Anneliese Heinrich MSc, DVM; Christine D. Calder, DVM, DACVB
Photo Courtesy Phyllis DeGioia, Veterinary Partner Editor
Deciding to euthanize your pet who is sick, debilitated, or injured is difficult and heartbreaking. Sometimes the decision is a logical one if your pet is severely injured or has been diagnosed with an untreatable disease and is clearly suffering. In these cases, the quality of life is poor and will not improve with time, medical care, or love.
When the issue in question is behavioral, such as after injuring a family member, another pet, or a stranger, the decision for euthanasia may not be clear. Your pet may panic because of noises, people, other animals, or being left home alone. Perhaps they engage in abnormal repetitive behaviors and cannot stop. It can be hard to determine if your pet is suffering because the behavior has not improved.
In human medicine, these types of disorders are referred to as psychological or mental health disorders. There has been a history of discounting psychological disorders, but medical professionals now know that these are diseases, like cancer or diabetes. Sometimes the pet has a true emotional disorder that is not man-made through mistreatment or lack of training. These concerns cannot be solved “with love”, through “putting the animal in its place”, or by taking obedience lessons.
Psychological or behavioral diseases are diseases of the brain, just as cancer is a disease of the cell. Some cancers respond to treatment, some will not.

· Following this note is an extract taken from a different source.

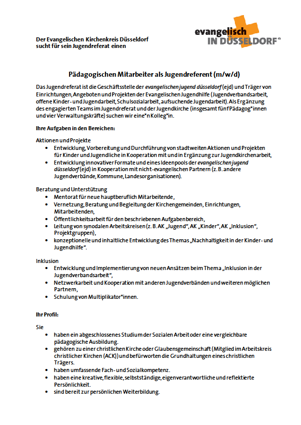 Pädagogischer Mitarbeiter als Jugendreferent (m/w/d)
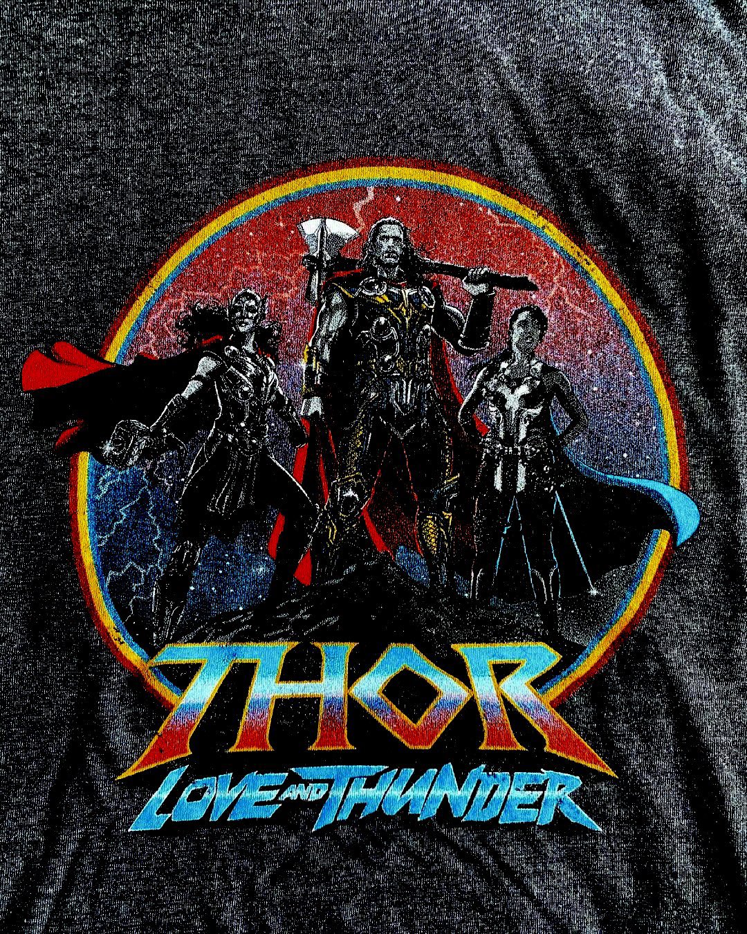 La prenda tiene una impresión que muestra a Thor, Valkyrie y a Mighty Thor de Jane Foster por primera vez con su armadura, casco, capa y sosteniendo el Mjolnir.

Some will appear to respond initially, then relapse. Cancer which resolves quickly in one individual may be terminal in another. Some cancers generally considered treatable are fatal for others. Some patients may not be able to tolerate the treatment that is designed to save their life. Although veterinary behavioral medicine has progressed so many behavior disorders can be managed and treated, there will be variable responses among animals.
If you are considering euthanasia for behavioral reasons, there may be alternative options to consider first.
Have You Taken Your Pet to the Veterinarian?
Many behavioral problems have underlying medical conditions that contribute to behavior. Conditions such as ear infections, dental disease, arthritis, and even skin allergies can cause pain and irritability, increasing your pet’s anxiety levels, or resulting in a bite when stressed. Scheduling a check-up with your veterinarian should be first on your list with any noted behavioral change, especially if this change is recent or your pet is older.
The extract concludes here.